Where they'd walked in that morning, from the parking lot by the edge of the playground, there was nothing but fields and forest and hills. Closer to the village, a chequered vista of small farmsteads filled the rolling country, the fields ploughed and resting or perennial pasture. The parking lot was gone. The cars that had been there had gone. A dozen wagons sat in the space, several with horses hitched to them, others with their shafts dropped to the ground. Sam looked around carefully, seeing the battered and black-painted wagon that was taking up the slot where Dean had parked the Impala. He couldn't let his brother see this, he thought irrelevantly, close to panic. Couldn't let him see what his beloved car had become.

A guttural snarl came from his right and he turned to look at the creature that was trapped in the stocks. This morning, that'd been Monty. Now the head was longer than human, the ears rising above the skull were twisted and pointed. The skin was slick and hard-looking, a greyish-greenish colour, the eyes that were fixed on him were black.

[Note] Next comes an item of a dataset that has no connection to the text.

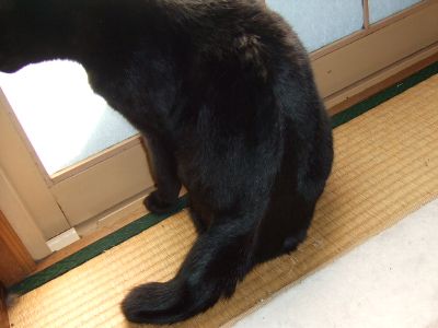 部屋にタヴィにゃんを一人残して居間でごはんを食べた後のこと。

"Death to the Queen," it growled. "Death to humankind."

He looked at the upward pointing tusks to either side of the mouth, the pointed and blackened teeth in between them. No doubt now that they were fixed to that slab jaw, unable to fall out. He turned away.

If the elves and orcs had become … real … what else? A shout from behind a row of small mud and frame houses on the other side of the road dragged his gaze in that direction and he ran down a narrow laneway between the row and a roofed but open-sided barn.

Six or seven people stood in a loose circle around another pair of men. One man held a sword and shield, the other was dressed in a full-length cloak of dark material, a slender stick held in one hand.

"Wait –" Sam shouted, running toward them.

The mage lifted and dropped the wand as the warrior dodged to one side, his shield angled sharply, the polished mirror centre deflecting the crawling blue lightning that had emerged from the wand's tip from himself and into the ground. He rolled to his feet within a few feet of the mage, the broadsword in his hand swinging long and fast and the mage jumping back as the sword passed within an inch of his legs.

The next downswing of the wand encased the warrior in a coruscating ball of blue fire. Sam skidded to an awkward stop on the outer edge of the crowd, staring as the warrior's head arched back, fire filling his eyes and mouth, his sword and shield held in tightly clenched fists, his feet rising slowly from the ground. The mage whipped the wand to one side and the warrior was flung in the same direction, the ball of enclosing flame vanishing as he hit the ground.

Perfect, Sam thought, running a hair through his hair in frustration. Dean and Charlie could be anywhere, facing anything out there, and he had no means of finding them. He looked down at the parchment still held in his hand. God knew what his phone had been turned into at the moment of transformation.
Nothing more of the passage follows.